Log-Based vs Query-Based CDC: Comparison

Change Data Capture (CDC) is a fundamental pattern in modern data engineering that enables real-time data synchronization between systems. As organizations move toward event-driven architectures and real-time analytics, choosing the right CDC approach becomes critical. This article compares the two primary CDC strategies, log-based and query-based, to help data architects and engineers make informed decisions.

For foundational CDC concepts, see What is Change Data Capture (CDC): Fundamentals. For hands-on implementation guidance, refer to Implementing CDC with Debezium.

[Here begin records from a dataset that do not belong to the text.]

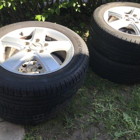 4st Mercedes fälger. Två med nästan nya däck och ett med typ 5 mm. Tyvärr är de sista däcket slut på grund av felaktig hjulinställning eller något. Har suttit på en Mercedes B200 CDI
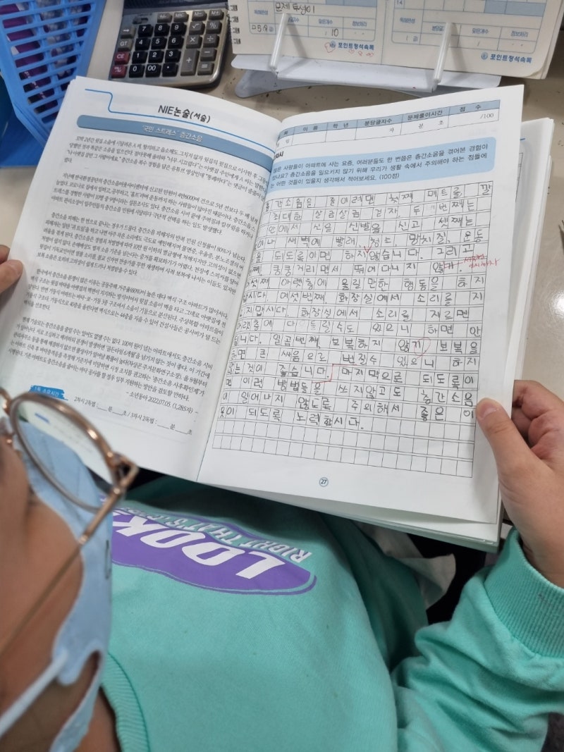 학생들이 글을 쓰는 동안에도 원장님께서 일일이 학생들이 쓴 글을 체크해주시고, 학생들 역시 익숙한 수업인지 질문도 없이 자연스럽게 글을 쓰는 수업을 하고 있었고, 우리 때도 가끔 신문 스크랩 숙제를 했던 기억이 떠올라 단순한 노트에 신문을 오려 간단한 설명만 썼던 기억이 떠올랐습니다. ^^
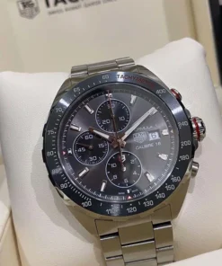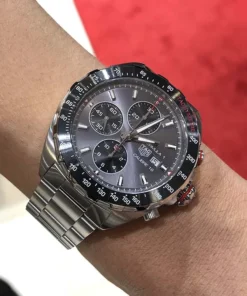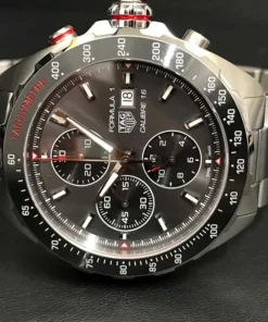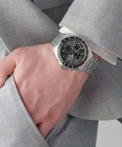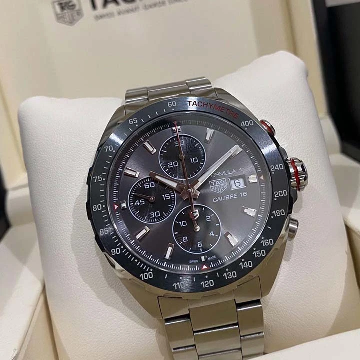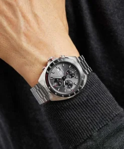 The sunray-brushed grey dial houses black azurage sub-dials at 6, 9 and 12 o??clock. The angled date window is at 3 o??clock.
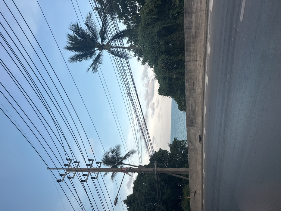 A streetscape on a sunny day features a clear blue sky with power lines running diagonally across the frame. Palm trees stand tall, one positioned near the top and another by a utility pole. Lush green foliage borders the street, leading to a glimpse of a calm ocean under a cloudy sky. The right side of the image shows a gray asphalt road with a concrete curb.

Understanding CDC Approaches

CDC captures changes made to data sources and propagates them to downstream systems. While the goal remains consistent across implementations, the mechanism for detecting and capturing changes varies significantly between approaches.

Query-Based CDC periodically polls the source database using SQL queries to identify changed records. Think of it like checking your mailbox every few minutes to see if new mail arrived, you actively look for changes at regular intervals. It typically relies on timestamp columns, version numbers, or hash comparisons to detect modifications.
Log-Based CDC reads changes directly from the database's transaction log (also called write-ahead log or redo log), capturing every committed transaction without querying the source tables. This is like having a doorbell notification, the database tells you immediately when something changes. The transaction log is an internal file that databases maintain for crash recovery and replication, recording every write operation in order.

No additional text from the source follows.